You say, essentially: “You hurt me greatly. But you don’t seem to care too much. Let me make you feel exactly as you made me feel, and maybe then you’ll understand how evil your actions were.” You do this for the sake of the offender, to reform him, to make him a better person.

This requires interpersonal utility comparisons which is subtle and tricky.

Retribution is the Guardian punishment. It, too, requires proportionality, but it’s more flexible, needing only the same amount of harm but not the same kind of harm. The case of theft is easiest and where retributive punishment is most similar to rehabilitative. Smith stole $2,000 from Jones, so Smith should first offer restitution to Jones, i.e., give the money back, but then he should also be punished extra with a $2,000 fine to paid to the government. However, the fine could in this case be replaced with, say, 30 days in jail.

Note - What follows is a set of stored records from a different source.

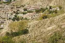 The hermitage complex faces south. It has several structures built along the west–east direction. The "yellow retreat hut" seen here was the main hermitage of Tsongkhapa’s (1357–1419). According to a local legend, the ‘local site-spirit’ (gzhi bdag) used to enter through a small window in this house to meet Tsonkhapa. A further legend is that a fresco of Tsongkhapa on the wall in the room is stated to be a speaking-statue, an “image that speaks” (gsung byon ma).[1][3]
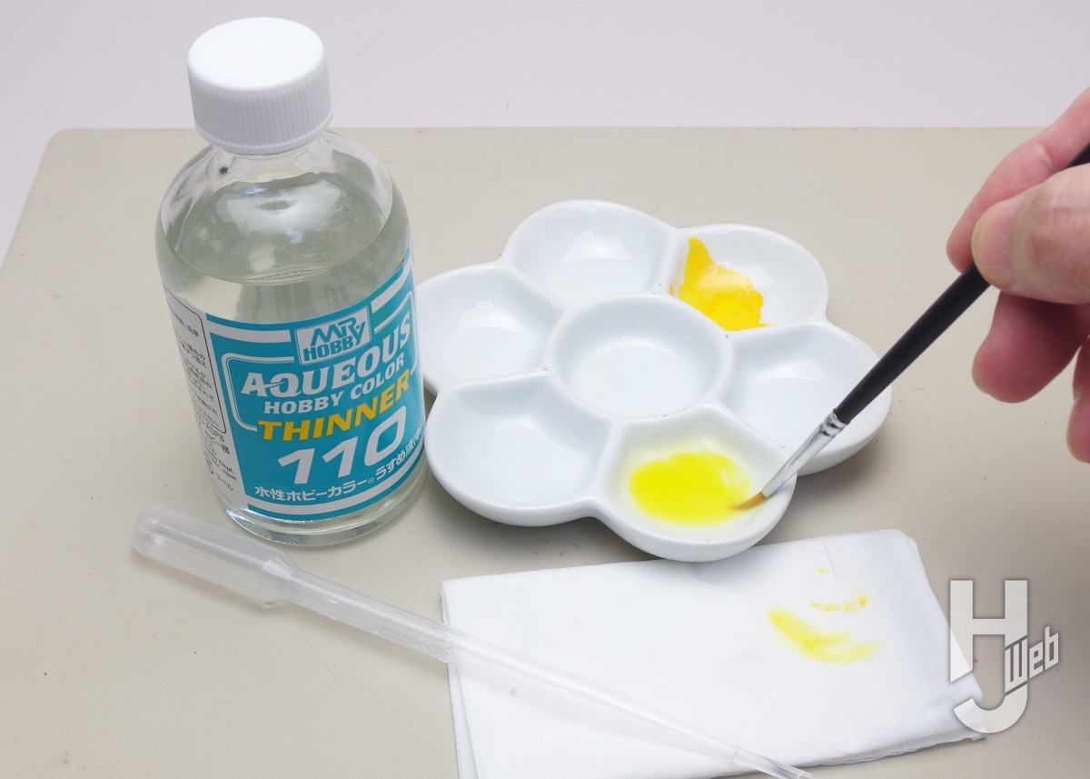 ▲各色を塗るごとに筆の塗料を洗い落とします。水性ホビーカラーのうすめ液を使っています
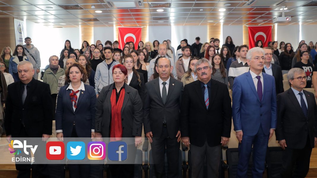 Trakya Üniversitesinde (TÜ) İstiklal Marşı’nın kabulünün 105. yılı nedeniyle program düzenlendi. TÜ Edebiyat Fakültesi Türk Dili ve Edebiyatı Bölümü tarafından düzenlenen program, Eczacılık Fakültesi Gazi Mustafa Kemal Atatürk Konferans Salonu’nda gerçekleştirildi.
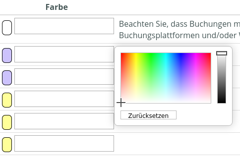 Einstellungen/Buchung Im unteren Bereich, im Abschnitt „Farbschema“, können Sie die Farben der einzelnen Buchungsstatus individuell anpassen. Sie legen die Farbe für den jeweiligen Status fest, indem Sie in der Spalte „Farbe“ auf das entsprechende Feld klicken. Daraufhin öffnet sich eine Farbpalette, aus der Sie die gewünschte Farbe auswählen können. ![]() | |
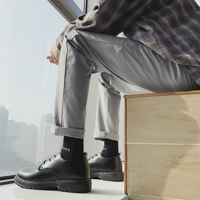 Black round head small leather shoes men and Korean edition trend teenager English hundred students leisure inside casual increase suit shoes
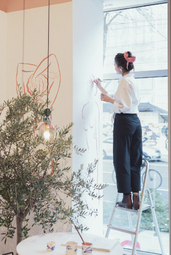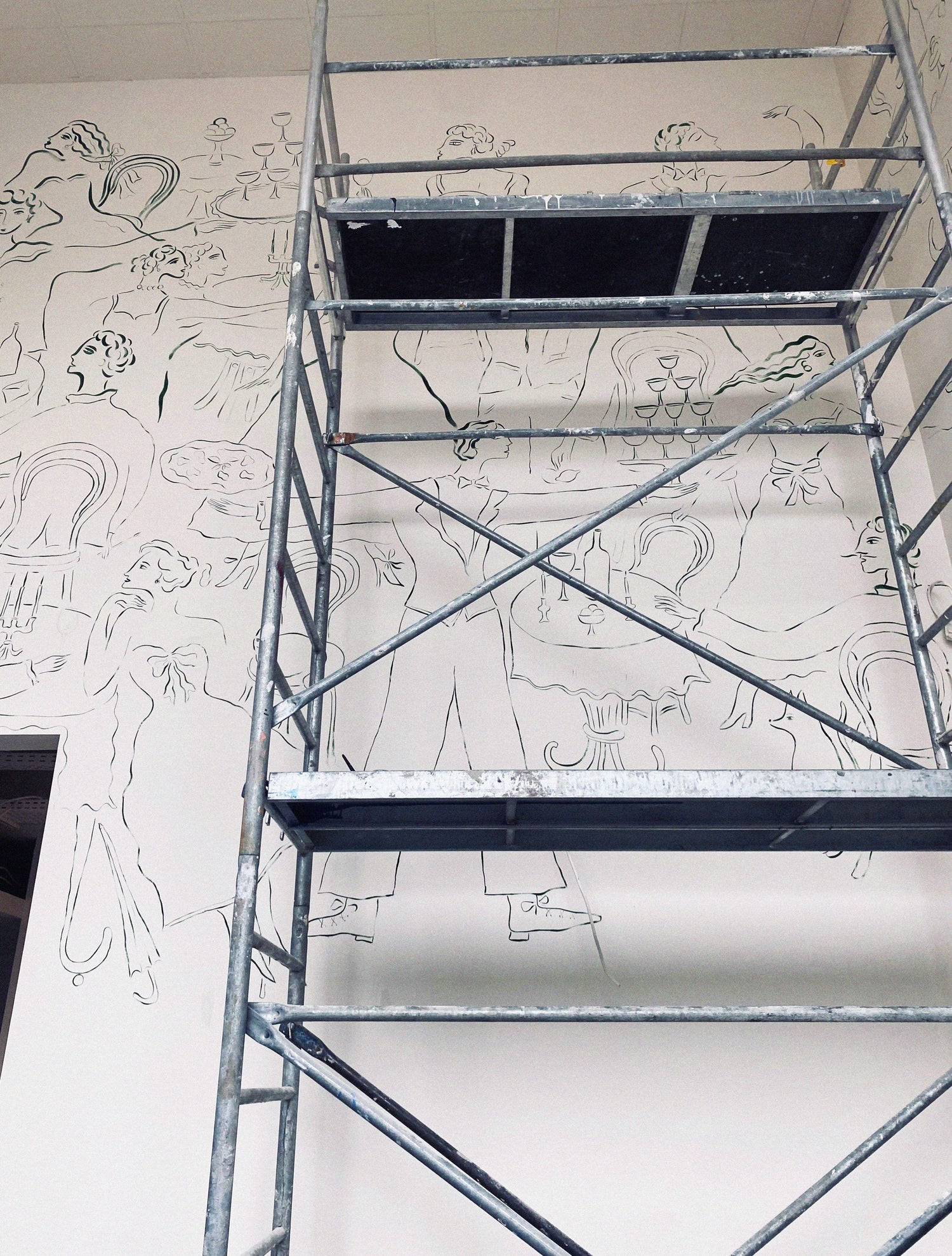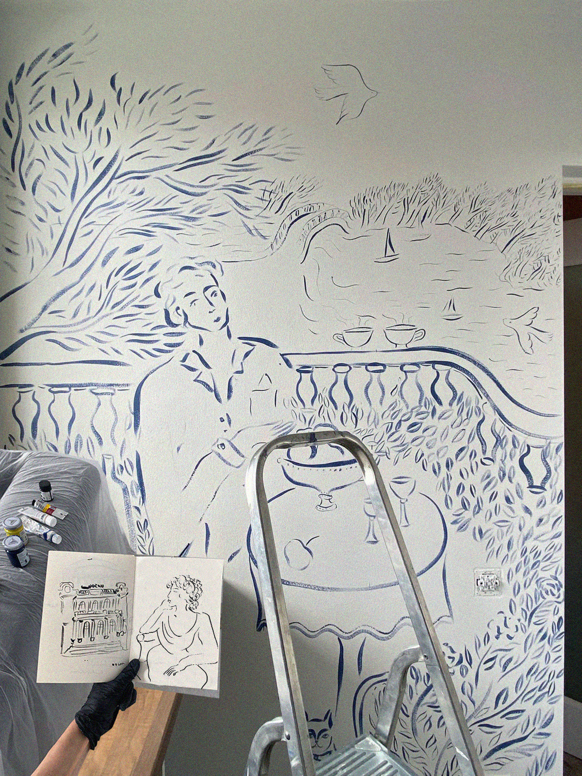 Site visit & Execution – ajustments based on light, scale, surface, and spatial context, pencil drawing & painting directly on the wall, evolving in dialogue with the space
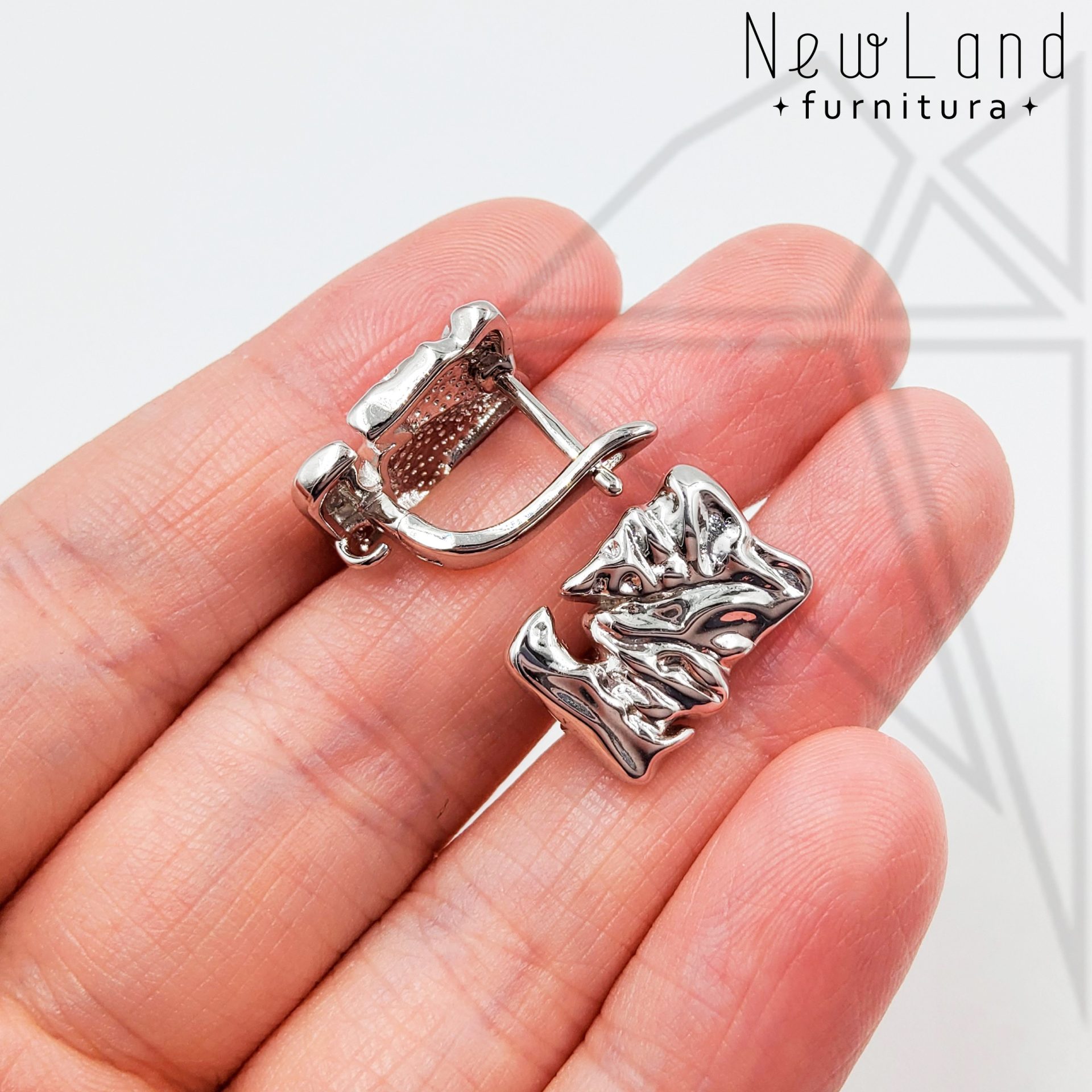 Швензы прямоугольной формы мятые с английским замком класса люкс с родированным покрытием (по латуни).
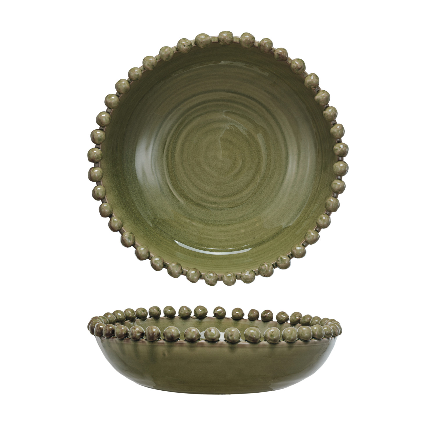 Catalog Name: 16-1/2" Round x 4-1/4"H Decorative Handmade Terra-cotta Bowl w/ Hobnail Edge, Reactive Glaze, Green (Each One Will Vary)
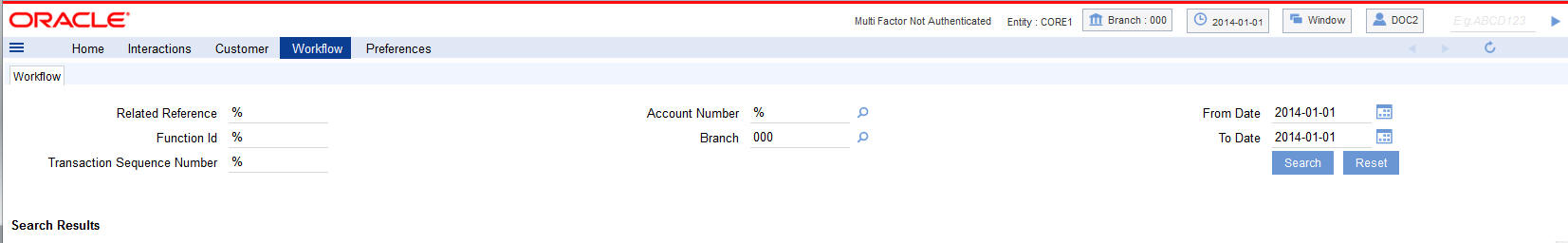 You can query existing workflow tasks by clicking ‘Search’ and then choosing the relevant link under it. Under ‘Search’, you are provided the option of searching tasks across all process flows (the ‘All’ link) or for specific process flows. The fields available under the link ‘All’ are pre-defined in the system and the link ‘All’ is readily available. The other process flow specific links are displayed only if you maintain them in the ‘Landing Page Configuration’ screen.
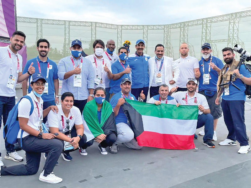 وأهدى البطل الأولمبي عبدالله الرشيدي هذا الإنجاز إلى مقام سمو أمير البلاد الشيخ نواف الأحمد وسمو ولي العهد الشيخ مشعل الأحمد وإلى الحكومة والشعب الكويتي كافة والشعوب العربية، متمنياً التوفيق لبقية اللاعبين الكويتيين والعرب الذي سيدخلون المنافسات خلال الأيام المقبلة. وأكد الرشيدي فخره واعتزازه بتحقيق هذا الإنجاز بالميدالية البرونزية للمرة الثانية على التوالي بعد أولمبياد ريو 2016 في البرازيل وأولمبياد طوكيو 2020، مؤكداً عزمه وإصراره على تطوير مستواه وتصحيح الأخطاء من أجل تحقيق حلمه بالتتويج في الميدالية الذهبية في أولمبياد باريس 2024. وذكر أن مشاركته في أولمبياد طوكيو 2020 باليابان هي المشاركة الأولمبية السابعة له خلال مسيرته الرياضية وتحقيقه للإنجاز الأولمبي بالحصول على الميدالية البرونزية مرتين متتاليتين يدل على ثبات المستوى الفني مبيناً أن ظهوره في الأولمبياد المقبل في باريس 2024 يجب أن يكون بأفضل صورة في ثامن مشاركة أولمبية له.وقال الرشيدي إنه يسعى من خلال خبرته الطويلة في ميادين الرماية ومشاركته في سبع دورات أولمبية إلى الاستفادة وتأهيل أكبر عدد ممكن من الرماة العرب للمشاركة في الدورات الأولمبية مستقبلاً.المري: الإنجاز يسجل باسم كل العرب
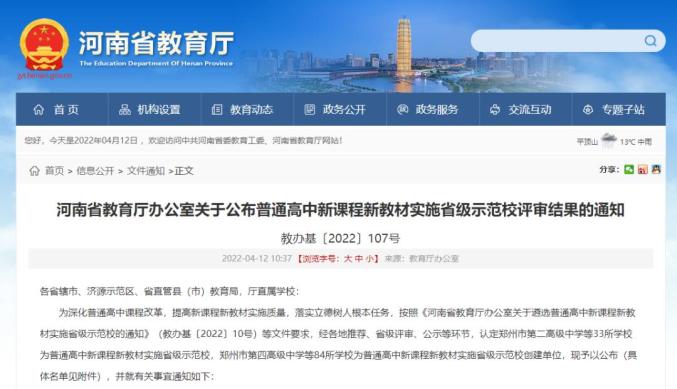 《关于公布普通高中新课程新教材实施省级示范校评审结果的通知》

Retribution is “justice.” Punishment inflicted for this reason is what the criminal “deserves.” The harm to the victim is fully deflected and is 100% redirected back onto the criminal in the manner of Newton’s third law. The proper cosmic order of things is thereby restored.

Deterrence, devised by Rationals to contain Barely Humans, no longer requires proportionality. However, it can feature it. A law stipulates a punishment of X years in prison for stealing a car. It so happens that without the law, car thefts would double; in other words, the law deters 50% of the relevant crime. In that case, from our utilitarian point of view, the harm spared to the victims must be balanced by the harm to the criminals from the state. X’s disutility should then be less than or equal to the average unhappiness felt by a car owner from having his car stolen.

It need not feature it, however. If (1) a fine of $10 deters 90% of car thefts, yet (2) 5 years in prison deters 90.1% of car thefts, then the former punishment is much better, since the thieves remain members of society whose happiness the legislator is trying to maximize. The harm to them from (2) is enormous, yet the social benefits are negligible. The cause of the greatest pleasure for the greatest number is better served with (1).

Condemnation, visited by Artisans upon Monsters, does not even require a crime! It’s not even punishment for any specific crime but preemptive social self-defense based upon a judge’s belief that the offender is totally depraved and will surely commit further crimes in the future. (In this case it differs from normal individual self-defense in the present.)